В МТС работало много демобилизованных, почти все ходили в полувоенном: выцветшие гимнастерки,
пилотки, сапоги. Может быть, это еще больше подчеркивало четкий, почти военный ритм жизни, который так
нравился Лелю, хотя он сам носил вышитую холщовую рубашку и был мужчина в теле.
— Значит, так, — сказал ему на прощание подобревший Ключарев. — Ничего не забудешь?

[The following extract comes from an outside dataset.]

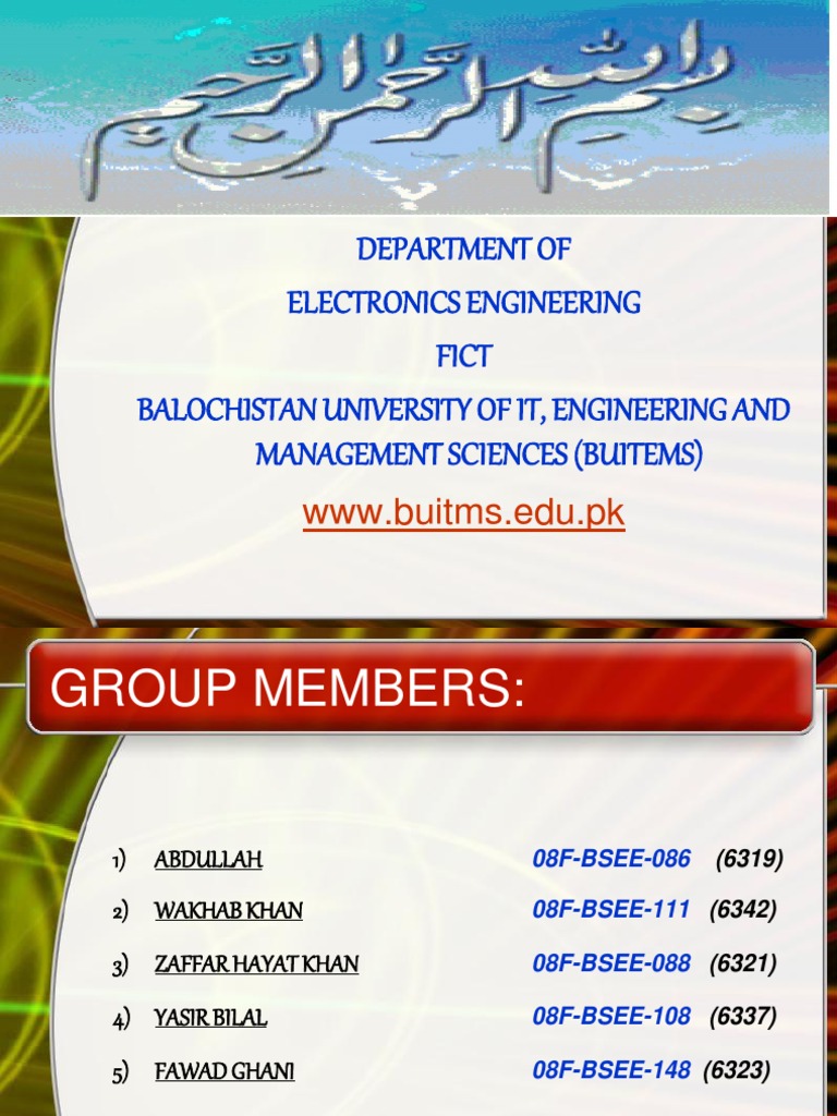 DEPARTMENT OF ELECTRONICS ENGINEERING FICT BALOCHISTAN UNIVERSITY OF IT, ENGINEERING AND MANAGEMENT SCIENCES (BUITEMS)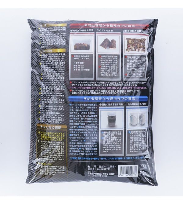 ・本品はクワガタ虫の成虫管理、産卵のセット、幼虫の育成、サナギの管理などの飼育用マットです。他の目的では使用しないでください。

— Федор Адрианович! — возмущенно отозвался Лель. — Был я в армии, привел один раз пленного
прямо в штаб к генералу, как приказано. Он занят, велит обождать. Ждем час, два. Наконец прошу адъютанта:
“Спроси, не забыл ли?” А генерал велел ответить: “Если б я забывал, не был бы генералом”.
— Значит, и директорам МТС нельзя ничего забывать?
— Выходит, что так!
— А знаете, — оживленно сказала Женя, когда они отъехали, — я очень люблю Леля! Он такой бодрый,
неунывающий. Как он говорит: “Дόбра будет — накрасуешься, кепска 1 будет — нагорюешься”. А еще: “Не черт
тебя нес на дырявый мост”. Он у вас тут самый лучший, правда?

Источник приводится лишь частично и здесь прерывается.